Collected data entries
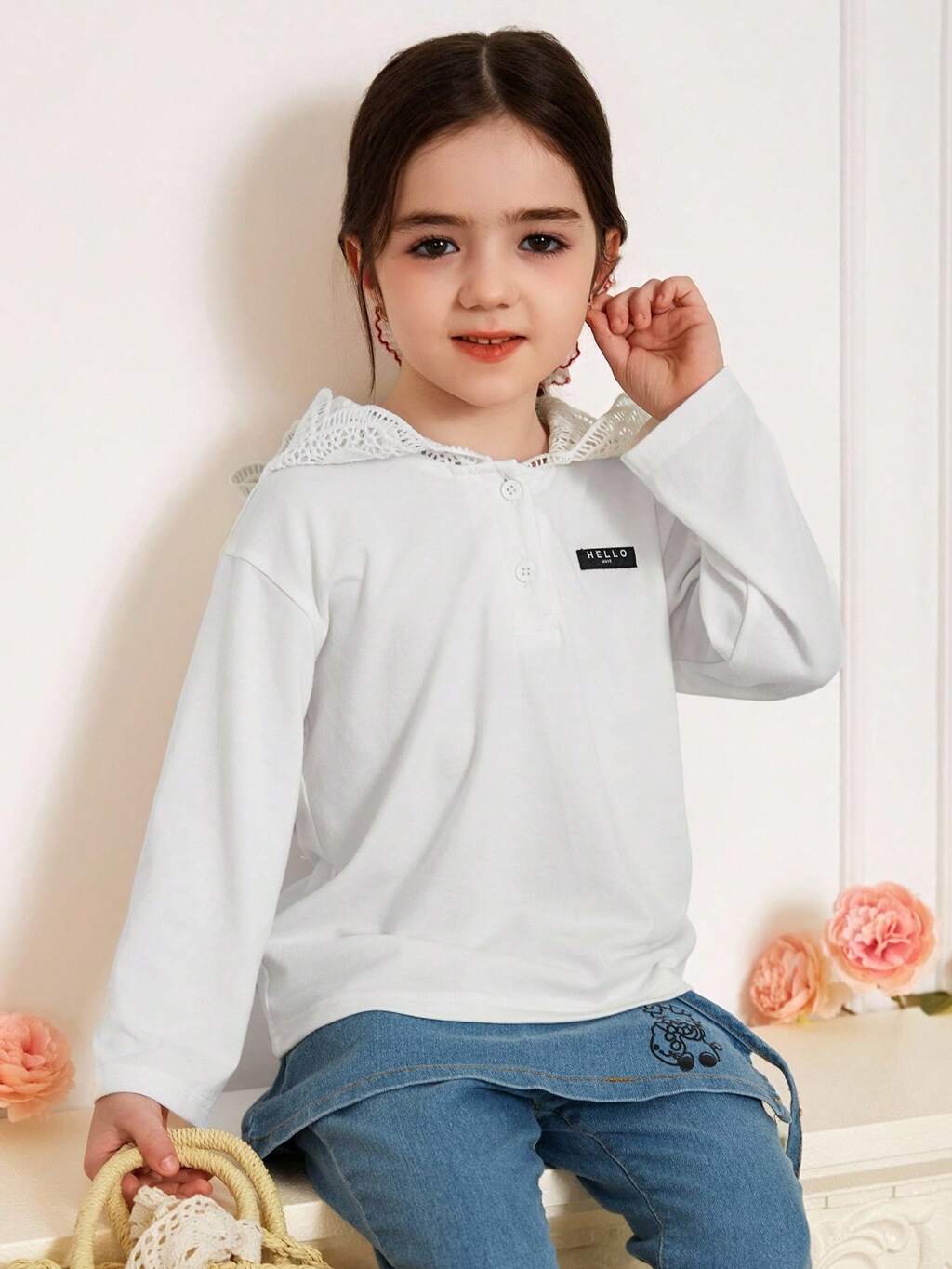 Young Girl Embroidered Lace Panel Casual Long Sleeve T-Shirt Fall, Winter
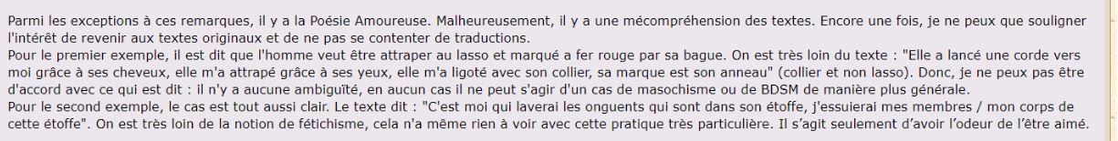 Paheqamen,l e samouraï de ddchampo enchaîne : « il est dit que l’homme veut être attrapé au lasso (…) On est très loin du texte… ». Il manifeste également son désaccord sur la traduction « elle m’a ligoté avec son collier… » et précise « collier et non lasso ».
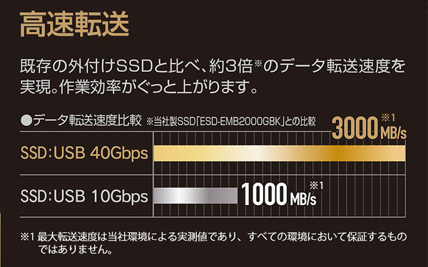 今回登場したポータブルSSDの最大の特徴は、USB 40Gbps(USB4 Gen2×2)に対応している点である。読み込み最大3,000MB/s、書き込み最大2,700MB/sという速度を誇り、大容量データのやり取りをスムーズに行える。
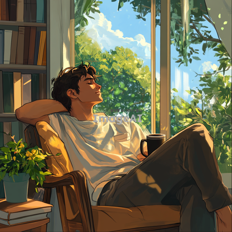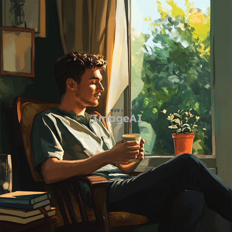 따뜻한 아침 햇살이 비치는 창가에 앉아 있는 남자, 편안한 의자에 기댄 채로 커피잔을 손에 들고 있다. 남자의 표정은 여유롭고 만족스러우며, 그의 주변에는 책과 작은 화분이 놓여 있다. 캐주얼한 셔츠를 입고 있으며, 창밖으로는 초록빛 나무와 푸른 하늘이 보인다. 분위기는 아늑하고 평화롭다.
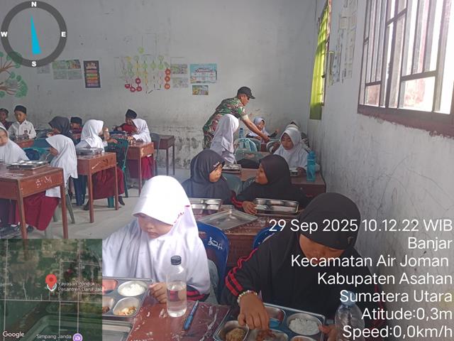Asahan  |  Materi Wawasan Kebangsaan ini sangat penting di Tanamkan sejak dini. Karena anak pada usia dini memiliki posisi strategis dalam membentuk dasar-dasar mental dan perilaku generasi muda bangsa, disamping itu untuk memberikan warna perjalanannya meraih cita-cita dimasa yang akan datang. Dalam kesempatan ini seperti yang dilakukan oleh Personel Bintara Pembina Desa (Babinsa) Koramil 07/Air Joman jajaran Kodim 0208/Asahan Serda Dahrum turun kewilayah binaan untuk melaksanakan kegiatan Binwanwil kepada Siswa/Siswi, Wawasan Kebangsaan tentang Makan Bergizi Gratis (MBG), kegiatan ini bertujuan mendampingi pembagian makan Bergizi Gratis agar benar benar sampai kepada siswa-siswi yg membutuhkan.kegiatan ini juga bertujuan mempererat hubungan TNI dgn masyarakat, bersama dengan Bapak Efendi (Kepala Sekolah) dan para Siswa siswi, kegiatan tersebut yang dilaksanakan bertempat di Ponpes Darul Jalal Dusun 1a Desa Banjar Kecamatan Air Joman Kabupaten Asahan, Senin (29/09/2025).
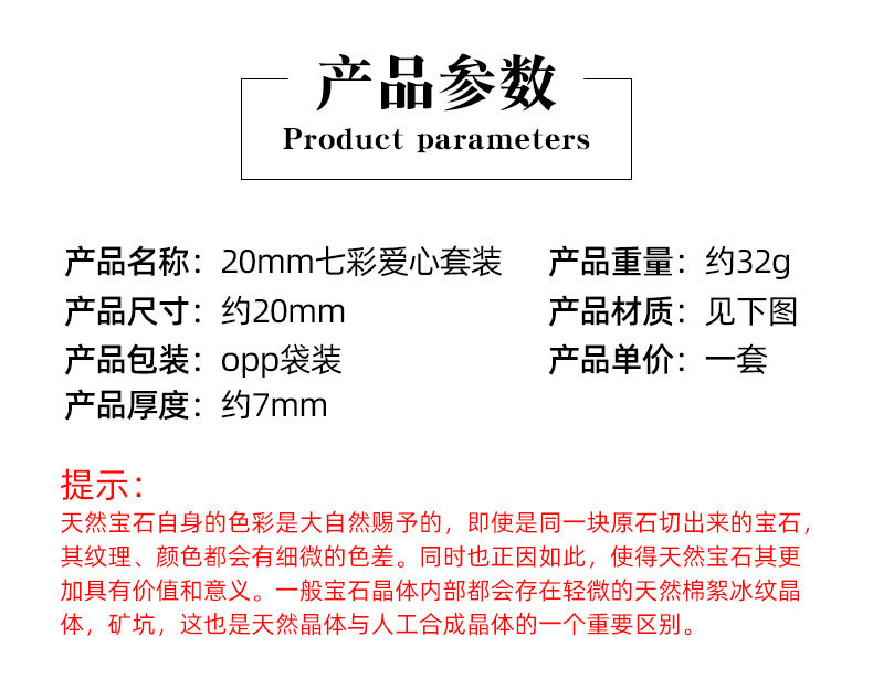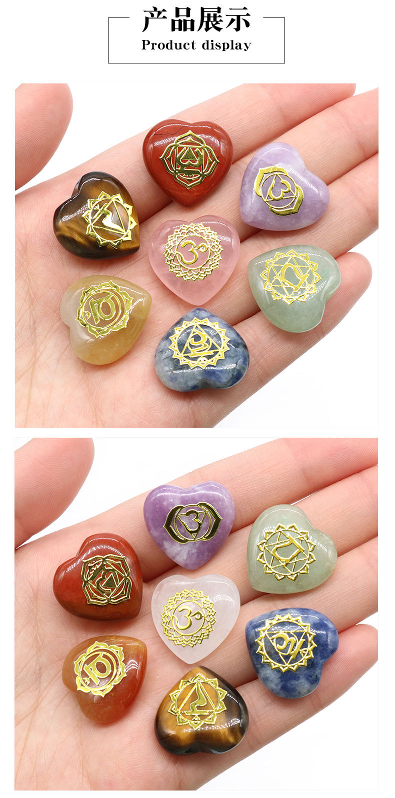 1563-七脉爱心符号款7颗一包 天然水晶玛瑙瑜伽石金属标 厂家直销 English | 投诉

Your goal:
What is needed is an exact copy of every entry, minus the images.

Worked solution:
 Young Girl Embroidered Lace Panel Casual Long Sleeve T-Shirt Fall, Winter
 Paheqamen,l e samouraï de ddchampo enchaîne : « il est dit que l’homme veut être attrapé au lasso (…) On est très loin du texte… ». Il manifeste également son désaccord sur la traduction « elle m’a ligoté avec son collier… » et précise « collier et non lasso ».
 今回登場したポータブルSSDの最大の特徴は、USB 40Gbps(USB4 Gen2×2)に対応している点である。読み込み最大3,000MB/s、書き込み最大2,700MB/sという速度を誇り、大容量データのやり取りをスムーズに行える。
 따뜻한 아침 햇살이 비치는 창가에 앉아 있는 남자, 편안한 의자에 기댄 채로 커피잔을 손에 들고 있다. 남자의 표정은 여유롭고 만족스러우며, 그의 주변에는 책과 작은 화분이 놓여 있다. 캐주얼한 셔츠를 입고 있으며, 창밖으로는 초록빛 나무와 푸른 하늘이 보인다. 분위기는 아늑하고 평화롭다.
Asahan  |  Materi Wawasan Kebangsaan ini sangat penting di Tanamkan sejak dini. Karena anak pada usia dini memiliki posisi strategis dalam membentuk dasar-dasar mental dan perilaku generasi muda bangsa, disamping itu untuk memberikan warna perjalanannya meraih cita-cita dimasa yang akan datang. Dalam kesempatan ini seperti yang dilakukan oleh Personel Bintara Pembina Desa (Babinsa) Koramil 07/Air Joman jajaran Kodim 0208/Asahan Serda Dahrum turun kewilayah binaan untuk melaksanakan kegiatan Binwanwil kepada Siswa/Siswi, Wawasan Kebangsaan tentang Makan Bergizi Gratis (MBG), kegiatan ini bertujuan mendampingi pembagian makan Bergizi Gratis agar benar benar sampai kepada siswa-siswi yg membutuhkan.kegiatan ini juga bertujuan mempererat hubungan TNI dgn masyarakat, bersama dengan Bapak Efendi (Kepala Sekolah) dan para Siswa siswi, kegiatan tersebut yang dilaksanakan bertempat di Ponpes Darul Jalal Dusun 1a Desa Banjar Kecamatan Air Joman Kabupaten Asahan, Senin (29/09/2025).
 1563-七脉爱心符号款7颗一包 天然水晶玛瑙瑜伽石金属标 厂家直销 English | 投诉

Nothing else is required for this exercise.